In the present case out of total disallowance, Rs. 25,95,010/- was towards short deduction of TDS by the assessee and we following the judicial decisions direct the Assessing Officer to delete the addition and allow the ground of the assessee.
The Ld. AO has invoked the provisions of section 40(a)(ia) of the Act, in respect of payments where the assessee has not deducted the tax. The Ld. AR submitted that the Recipient/payee has offered the income in the income tax assessment, but we find no evidence was produced before the Ld. AR or CIT(A) by the assessee supporting with income tax returns particulars and assessment details.
No doubt the second provisions of section 40(a)(ia) is declaratory and curative in nature and has retrospective effect from 1st April, 2005. We re of the opinion, the second provisions of section 40(a)(ia) shall be invoked, where the assessee satisfy with evidence that Recipient/Payee has paid tax and made tax compliance.
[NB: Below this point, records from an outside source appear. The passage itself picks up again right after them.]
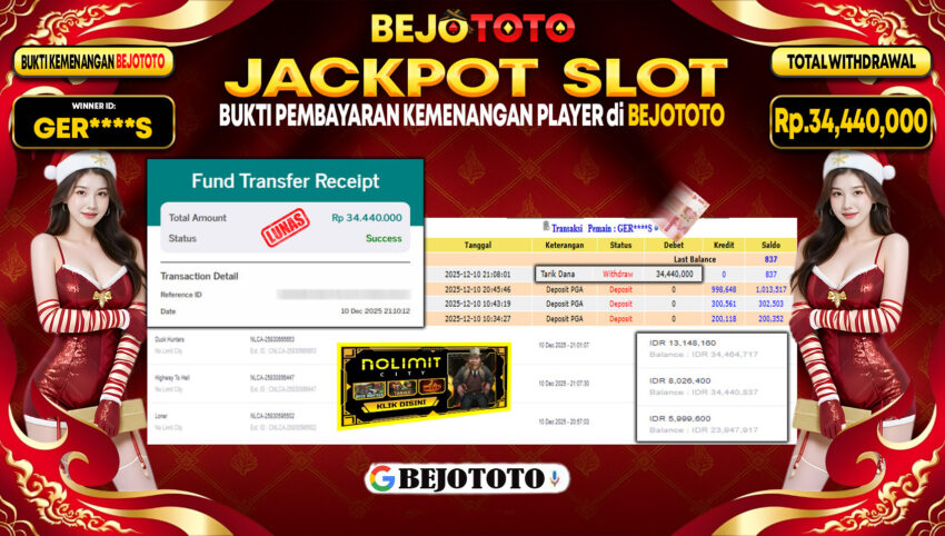 BEJOTOTO – Selamat kepada User id : GER****S Telah berhasil mendapatkan kemenangan besar pada permainan  SLOT NO LIMIT CITY DUCK HUNTERS  Dengan kemenangan Sebesar Rp.34,440,000,-. Setelah mengisi formulir withdraw dengan kurung waktu hanya 5 – 10 menit pihak BEJOTOTO sudah melakukan transfer kepada pemilik Userid dan dana sudah dapat di cairkan oleh pemenang. Bukti pembayaran yang kami berikan merupakan bukti pembayaran yang SAH / VALID yang langung di dapatkan melaui tanda transfer transaksi dari Bank yang di tuju.
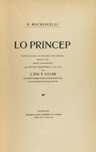 1920. LIBRO: (POLÍTICA). MACHIAVELLI, N.: LO PRÍNCEP. Trad. J. Pin y Soler. Barcelona: Imp. Henrich y Companyia, 1920. 4º menor. LXXXII + 188 p. + 3 h. + 4 lám. Rústica edit.
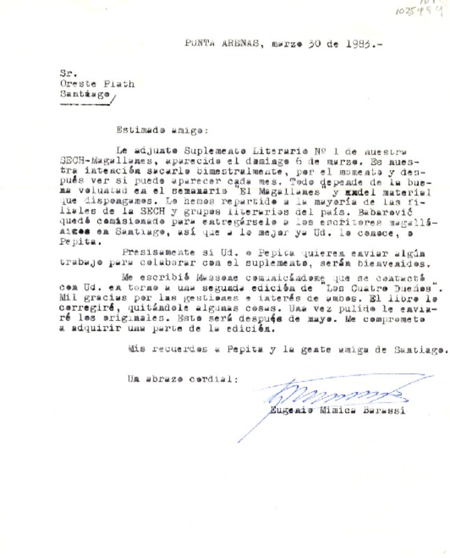 [Carta] 1983 marzo 30, Punta Arenas, Chile [a] Oreste Plath [manuscrito] Eugenio Mimica Barassi.
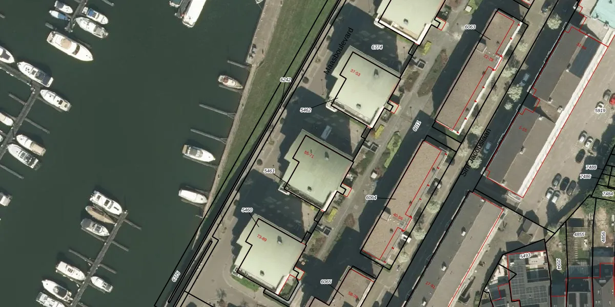 Het perceel waarop Maasboulevard 55 staat heeft een oppervlakte van 320 m². Dit is een groot perceel. De perceeloppervlakte wordt geregistreerd door het Kadaster. Gedetailleerde informatie over de maten van dit perceel kunt u vinden in het rapport Kadastrale kaart met maatvoering van Maasboulevard 55.

We rely on the Hon'ble High Court decision of CIT vs Ansal Landmark Township (P) Ltd., 377 ITR 0635 (Del) and in the interest of justice, we remit the disputed issue Rs. 10,47,442/- on which TDS is not deducted by the assessee to the file of AO and provide opportunity to the assessee to substantiate its claim relying on decision of CIT vs Ansal Landmark Township (supra), submitting income tax details of payee and the AO shall pass a speaking order and the ground of the assessee is allowed for statistical purpose.
:-6-: & 2196/Mds/2015
Now, we take up ITA No. 2196/Mds/2015. The assessee has raised two grounds on (i) re-opening of assessment and (ii) disallowance u/s. 40(a)(ia) of the Act for short deduction of TDS. At the time of hearing, the Ld. AR of the assessee has not pressed the ground on Re-opening of assessment and made endorsement and on second disputed issue of short deduction of TDS. We have decided the issue in at Para 6 and same shall apply and allow the ground and Accordingly the appeal of the assessee is allowed
In the result, assessee appeal in is allowed for statistical purpose and ITA No. 2196/Mds/2015 is allowed.
Order pronounced on Monday, the 27th day of March, 2017 at Chennai.